I think this idea which was once considered radical is now mainstream. Most doctors believe that heart disease can be reversed by changing lifestyle. The scepticism is, will people do it? And we’ve shown that most people who think they can do it, if given the proper support, can do it .... You’re not simply trying to prevent something bad from happening, you’re trying to enhance the quality of your life right now. And if it makes you feel good, it’s sustainable.

So are we saying goodbye to cheeseburgers?

If you don’t have heart disease, it’s not all or nothing. One of the things that we found in all our studies is that the more people change, the more they improve at any age. So it’s not all or nothing, so you have a spectrum of choices, which is why my last book was called “The Spectrum”. And what I did was I categorised foods from the most healthful, Group 1, to least healthful, Group 5. What matters most is your overall way of eating and living. And so indulge yourself one day, eat healthier the next. If you don’t have time to exercise, do a little more the next. If you don’t have time to meditate for an hour, do it for a minute. Whatever you have, there’s a corresponding benefit.

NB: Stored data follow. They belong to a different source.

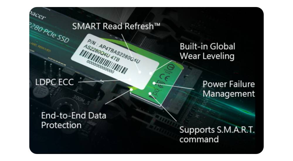 เพื่อให้ผู้ใช้ได้รับประสบการณ์ความเร็วสูงที่ไร้ที่ติ AS2280Q4U จึงมีเทคโนโลยีการป้องกันในตัวจำนวนหนึ่ง การแคช SLC เป็นเทคโนโลยีที่ออกแบบมาเพื่อให้แน่ใจว่าข้อมูลจะถูกจัดเก็บอย่างถูกต้องและเสถียร ด้วยเทคโนโลยีการปรับระดับการสึกหรอขั้นสูงในตัวและฟังก์ชันแก้ไขข้อผิดพลาดอัตโนมัติ จึงไม่เพียงแต่ขยายอายุการใช้งานของ SSD และปรับปรุงเสถียรภาพในการทำงานเท่านั้น แต่ยังช่วยให้มั่นใจได้ว่าผลิตภัณฑ์จะรักษาประสิทธิภาพที่สม่ำเสมอหลังจากใช้งานในระยะยาวอีกด้วย
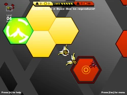 Your objective in this strategy game is to take control of an entire hive. You breed bee-like bots and let them evolve to build up your army. Send your buzz-bots to attack hexagon shaped cells to capture territory and grow your hive. The game is fully mouse controlled.
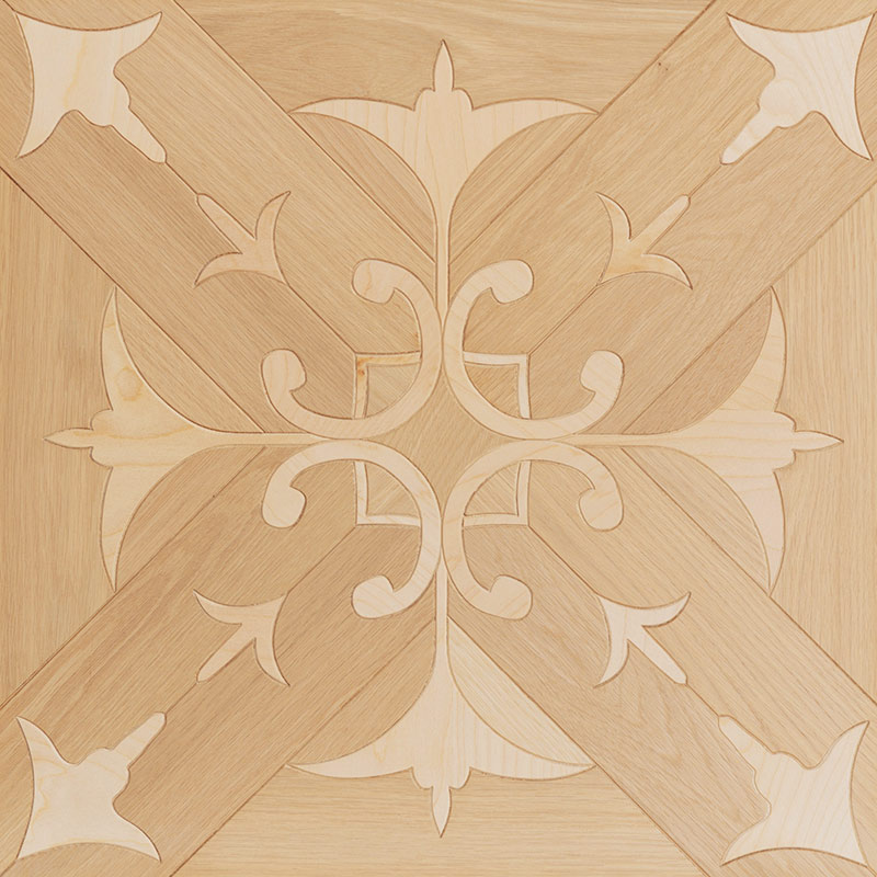 Butterscotch applies a warm golden-beige tone to the Chantilly pattern, brightening the birch-oak transitions with soft radiance. The gentle warmth complements the ornamental motif, giving the floor an inviting, naturally elegant feel well suited to light-filled interiors.

That doesn’t sound quite so daunting.

A: That’s the point. If you go on a diet, diets are all about what you can’t have and what you must do. Even when you’re eating healthy, people want to feel free and in control. And as soon as I tell somebody, “Never eat this, always eat that,” they immediately want to do the opposite. Sometimes when I lecture, I joke it goes back to the first dietary intervention — you know, when god said, “Don’t eat the apple,” and that didn’t go so well. And that was god talking. Instead of doing that, you say. “Look, this way you can’t fail.” It’s a very compassionate approach. There’s no diet to get on, there’s no diet to get off.